Объединив свои мелкие потребности с более серьёзными, требующими чёткого и выверенного плана, он доехал до неприметного кафе, прошёл внутрь, выбрал дальний столик и заказал скромный завтрак. Толстая официантка с бородавкой под носом, напоминающей здоровенного клопа, смотрела со всей возможной для человека недоброжелательностью. Маньяк же отвечал мягкой непринуждённой улыбкой на каждый её взгляд. Приняв заказ, шарообразная официантка удалилась, раскачиваясь из стороны в сторону на кривых ногах: точно огромный глобус насадили на два дорожных колпака, а он каким-то чудом держится. Её вид сочетался с сальными пятнами с остатками чьей-то еды на столах, неработающей сушилкой в уборной, прожжённой сигаретными окурками обивкой диванов. Всё это, а также мерзкий звоночек, в который тётка по какому-то недоразумению звонила, возвещая о готовности заказа и своём скором приходе, создавали выверенное представление об общей убогости сего заведения. И это идеально укладывалось в план. Это место… не рай, и не ад, как есть – чистилище. Сюда приходили за неимением лучшего места, задерживались тоже от безысходности. Луг заблудших овец – достаточно отчаявшихся и потерянных, чтобы можно было запросто увлечь.

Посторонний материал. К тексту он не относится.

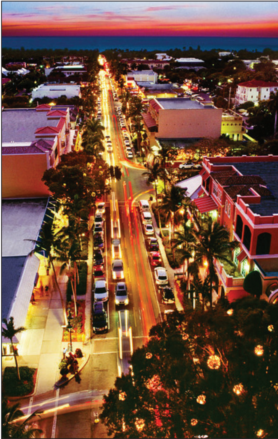
“Fifth Avenue Overview,” a familiar place from a new angle.

Portrait,” and “The Sea Islands of South Carolina, Georgia, and Florida.” She has written the text for collections by several other photographers, and she is the author of “A Kids Guide to Chicago.”
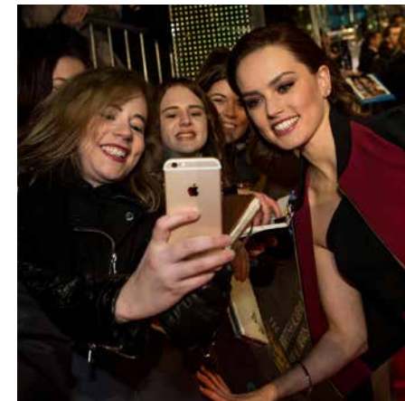
Top: Filmmaker Dee Rees delivers her Screenwriters on Screenwriting lecture; Above: On the Film Awards red carpet with Daisy Ridley
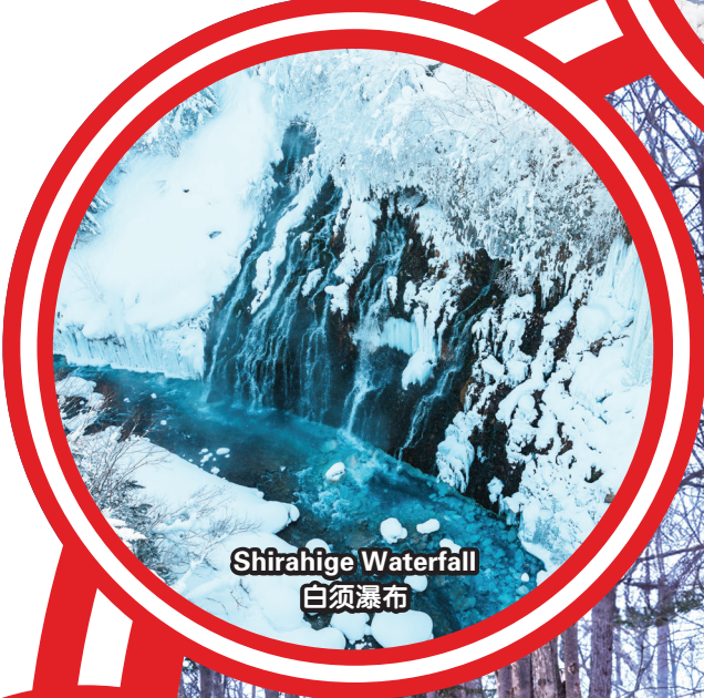
Shirahige Waterfall 白须瀑布
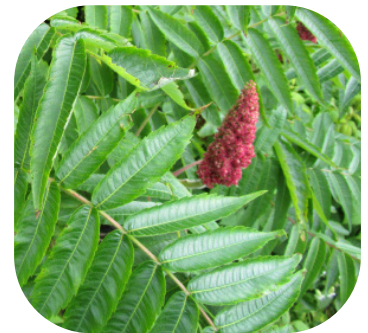
Leaves and seed head cluster of staghorn sumac.
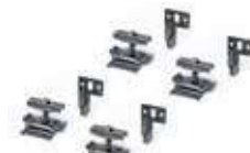
2 PAIRS FIXING KIT (SUITABLE FOR COLOUR F28 - SHINY TRANSPARENT)
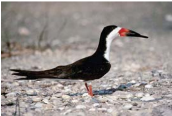
Black skimmer

Help us maintain the valuable amenities of the Preserve as you enjoy the beaches, fish the shallows, and watch the birds.
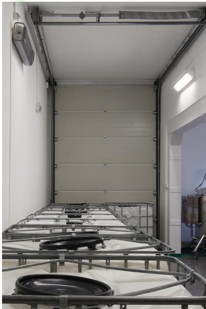
Cosmetics laboratory Dr Irena Eris, Piaseczno

Hermetic luminaire dedicated for clean rooms, and other health service structures. Luminaire to be surface mounted or in the walls and ceilings corners. LED sources of the high illumination efficacy. The luminaire body made from steel sheet powder coated in white. Its optical system is equipped with milk polycarbonate, or mat hardened glass diffuser. Luminaire recommended to all spaces with the hazards of its destruction. Accessories: steel mesh powder coated in white. Luminaire also available without the steel mesh.
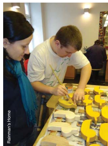
Developing woodwork skills with personalised assistance in Austria.
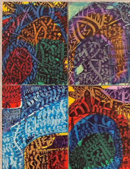
Title - The Shapes of The Past Artist - Myo Thuzar Size - 70 x 90 cm (35 x 45 each painting) Medium - Acrylic on Canvas
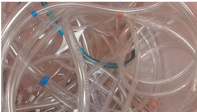
Figure 2. Effectiveness of perfusion circuit rinsing.

This technique represents another way for perfusionists to participate in sustainability efforts within their medical facility. Diverting the bypass circuit to clear bag waste results in reduced environmental impact and annual cost
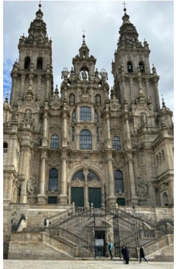
Cathedral at Santiago de Compostela

We next spent three nights in Santiago De Compostela. Wow!
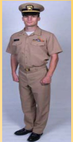
PHS Officer posing in Service Khakis
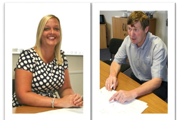
ASW Customer Services Advisor and Contract Manager for the NPT Homes Voids Contract
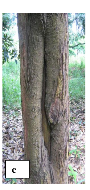
Figure 4. Portions of infected trees treated with Trichoderma harzianum (a) 1 month, (b) 12 months and (c) 36 months
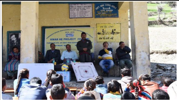
Handing over of items to Govt. High School Cherji
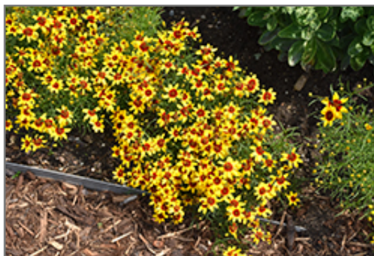
Sizzle And Spice Curry Up Tickseed in bloom
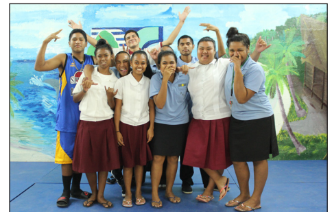
The high school senior participants of the Upward Bound Program
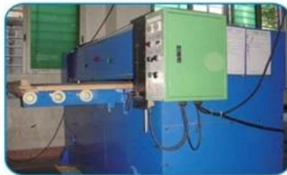
裁断机 Cutting Machine
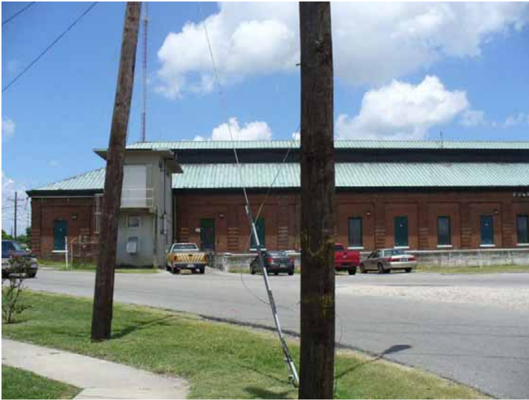
9. View of site as seen from the south direction, in southwest area. Generator Building is located on left side.
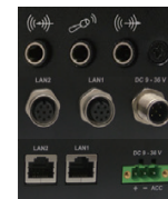
Optional I/O ports for audio, LAN jack type and DC-in jack type
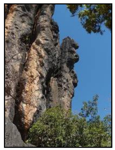
Towering Limestone Karst
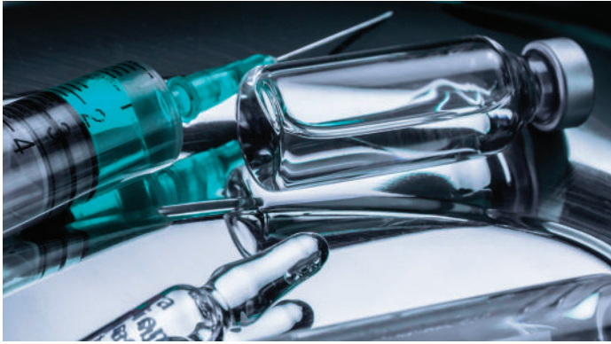
Vaccine & Pharmaceuticals
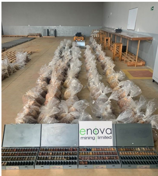
Figure 6: RC Drill sample batches prior to dispatch to laboratory

Over 500 drill samples dispatched to SGS Geosol laboratory (Belo Horizonte) await assay analysis, (see Figure 6). This is additional to samples already submitted to the laboratory over the last few weeks. Enova's exploration team is closely managing the submission process and controlling field activities. Enova will announce assay results as they become available.
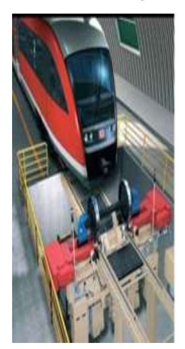
i)Lathe mounted below the ground level

Depending on the destination, several types of lathes were developed: mounted underground [7], fig. 3,a. or at ground level, placed on foundations. The first are generally used for rail wheel reshaping without dismounting the wheels from the vehicle.
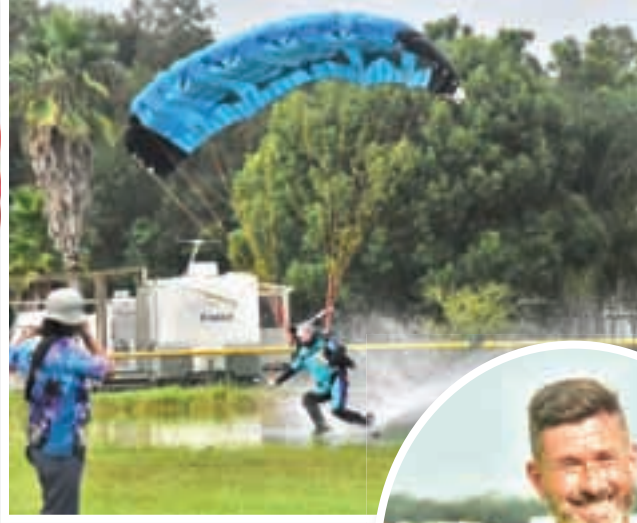
Above: One of the veteran jumpers takes a swoop landing in the pond at Skydive City's Drop Zone.
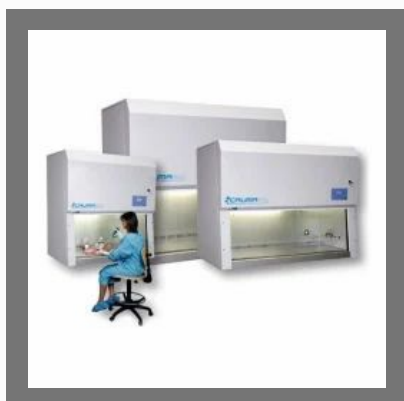
Biosafety Cabinet Safe Mate
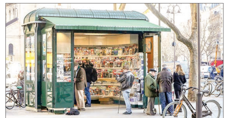
A newspaper kiosk in Paris.

France was the first European country to ratify the law in 2019 and in April this year the French competition authority ordered Google to open talks about compensating news publishers. — AFP ■
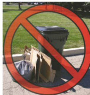
NO Items Leaning Against Cart.
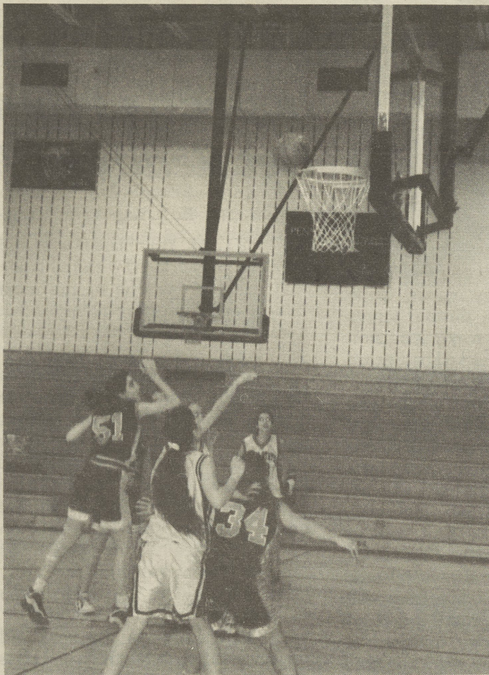
Penn State takes a shot.
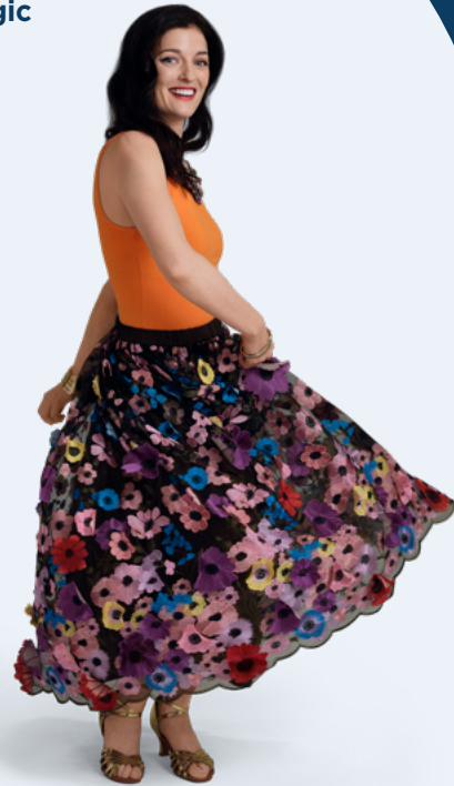
Not an actual patient.

These are not all of the possible side effects of KEVZARA.

Как раз такую овечку Маньяк заприметил через два столика от себя – молодую женщину, легко одетую и пьющую только кофе. Её ещё слегка потряхивало с улицы, одежда мокрая, волосы растрёпанные, а макияж отсутствует. Не у всех день начинается хорошо.

Эта женщина определённо нуждалась в тепле. Большем, чем способны предоставить это помещение и местный кофе. А ещё ей бы как следует отоспаться, лучше под надзором надёжного человека: какой не потревожит чужой покой сам и защитит его от других. Женщина встала и прошла мимо, направлялась явно в уборную – больше в ту сторону просто некуда. Да, именно так, в уборную. Через несколько минут пойдёт назад. Маньяк дождался её выхода и отвернул голову к окну, изобразив увлечённое созерцание окутавшего улицы бедствия. Шаги подбирались всё ближе и ближе, и вот, когда оставались считанные метры, он шумно зевнул, небрежно двинул локоть в сторону и вилка рухнула прямо ей в ноги, тишина разорвалась коротким звоном.

– Ах, простите! – воскликнул он и рассыпался в поклонах. – Какой же я неуклюжий…

Она вяло улыбнулась, а в глазах впервые сверкнула жизнь:

– Ничего-ничего, всё хорошо.

Она наклонилась, чтобы взять вилку, Маньяк тут же потянулся сам, и их пальцы столкнулись.

– Ах, тысяча извинений!

Она улыбнулась шире:

– Так вы или я?

– Если вас не затруднит.

– Ничуть. – И вот вилка снова на столе.

– Но теперь я просто не могу вас не отблагодарить!

– Ой, ну что же вы, совсем не стоит.

– Стоит-стоит! Или вы не голодны? Вы всё утро только кофе и пьёте.

Она на секунду потупила взгляд, но затем исправилась:

– Разве что вы отчаянно нуждаетесь в компании.

– Не поверите: в такую погоду ни о чём другом и не думаю!

И вот она уже за столиком, сидит напротив, улыбается. Нежность и забота – женщины ценят это даже от совсем незнакомых мужчин. Официантка с клопом заставила себя подождать, но всё же явилась, сверля недобрым взглядом обоих. Из радио грустно и ласково что-то напевал Джон Леннон – уже не в составе «Битлз», а из времён его сольной карьеры.